== SUPPLIED MATERIAL

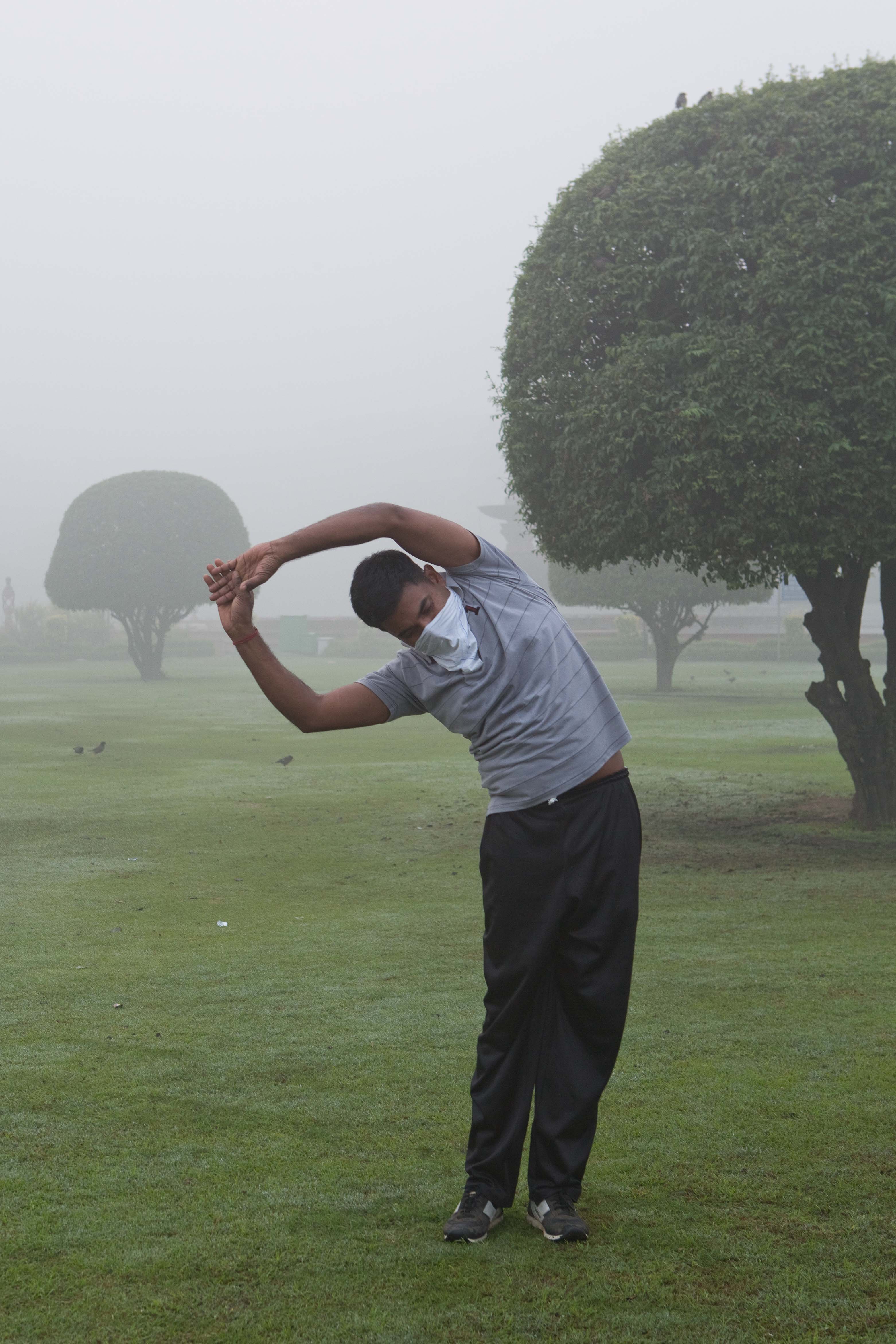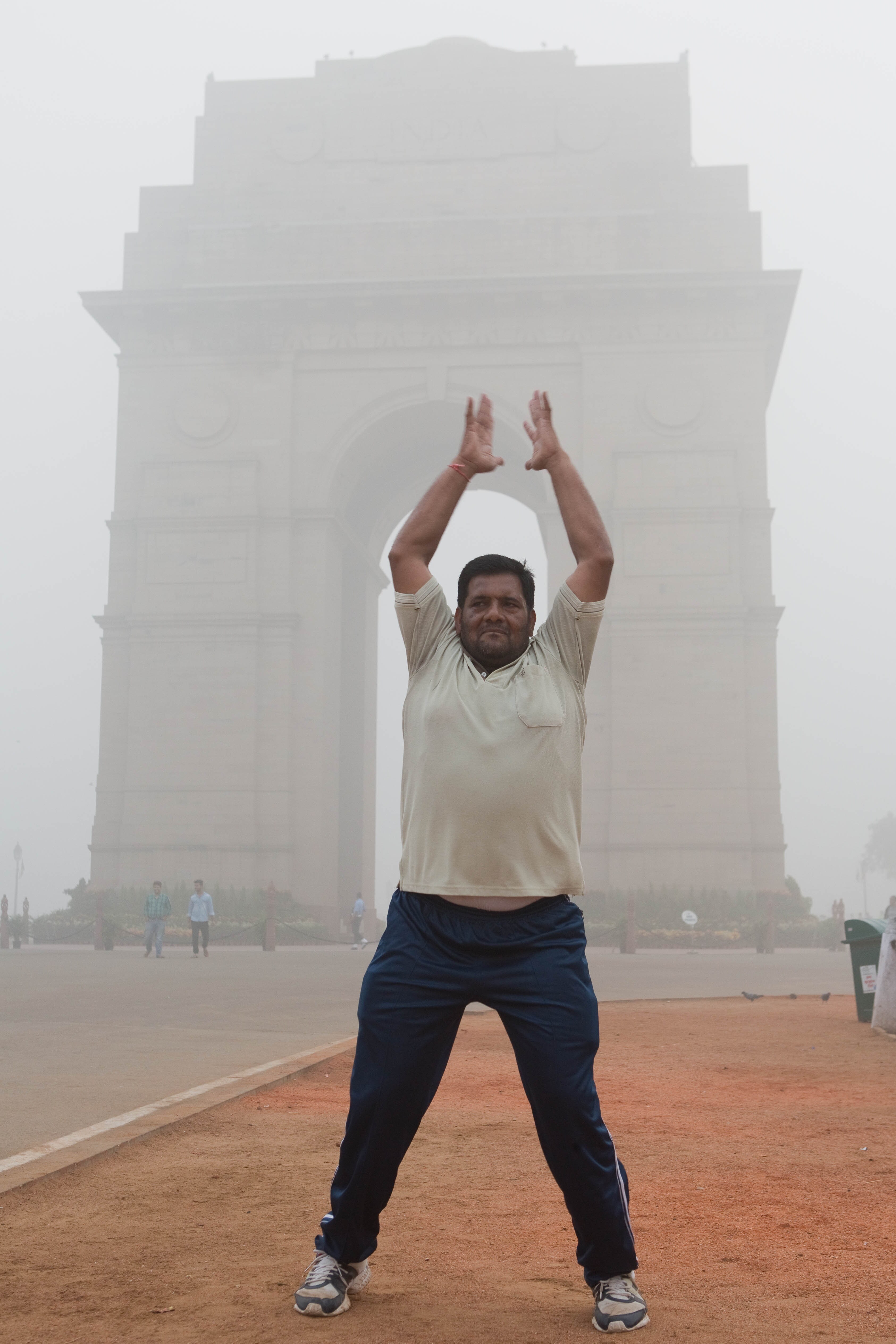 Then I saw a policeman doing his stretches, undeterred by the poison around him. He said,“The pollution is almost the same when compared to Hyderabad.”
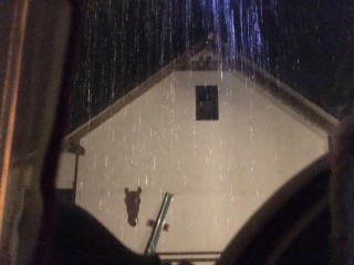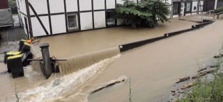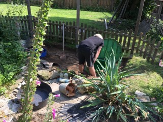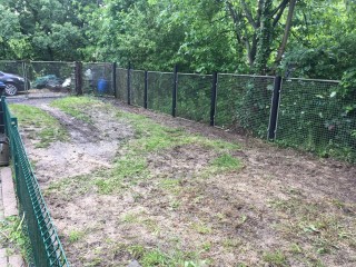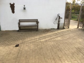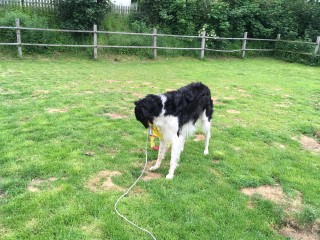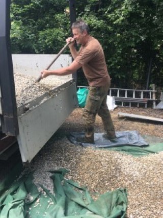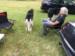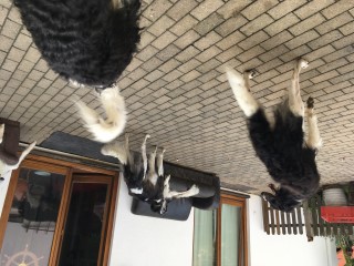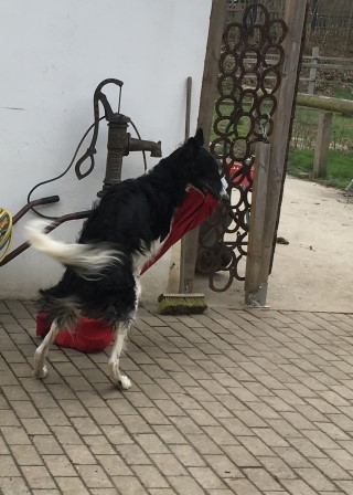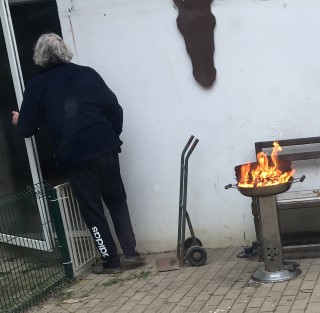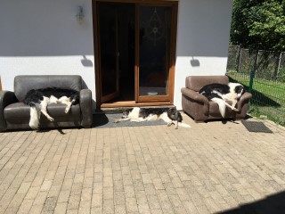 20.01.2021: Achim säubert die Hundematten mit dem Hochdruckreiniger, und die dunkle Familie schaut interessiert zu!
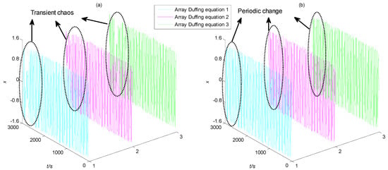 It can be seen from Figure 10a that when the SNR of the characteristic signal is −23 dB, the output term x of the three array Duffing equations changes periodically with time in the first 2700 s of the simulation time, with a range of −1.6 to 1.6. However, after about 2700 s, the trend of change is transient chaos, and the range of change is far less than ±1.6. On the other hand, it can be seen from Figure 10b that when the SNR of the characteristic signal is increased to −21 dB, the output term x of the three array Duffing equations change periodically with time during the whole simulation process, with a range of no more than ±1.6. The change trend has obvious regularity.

====

**DIRECTIONS**
An exact, image-free transcript of the material is required.

**THE ANSWER**
 Then I saw a policeman doing his stretches, undeterred by the poison around him. He said,“The pollution is almost the same when compared to Hyderabad.”
 20.01.2021: Achim säubert die Hundematten mit dem Hochdruckreiniger, und die dunkle Familie schaut interessiert zu!
 It can be seen from Figure 10a that when the SNR of the characteristic signal is −23 dB, the output term x of the three array Duffing equations changes periodically with time in the first 2700 s of the simulation time, with a range of −1.6 to 1.6. However, after about 2700 s, the trend of change is transient chaos, and the range of change is far less than ±1.6. On the other hand, it can be seen from Figure 10b that when the SNR of the characteristic signal is increased to −21 dB, the output term x of the three array Duffing equations change periodically with time during the whole simulation process, with a range of no more than ±1.6. The change trend has obvious regularity.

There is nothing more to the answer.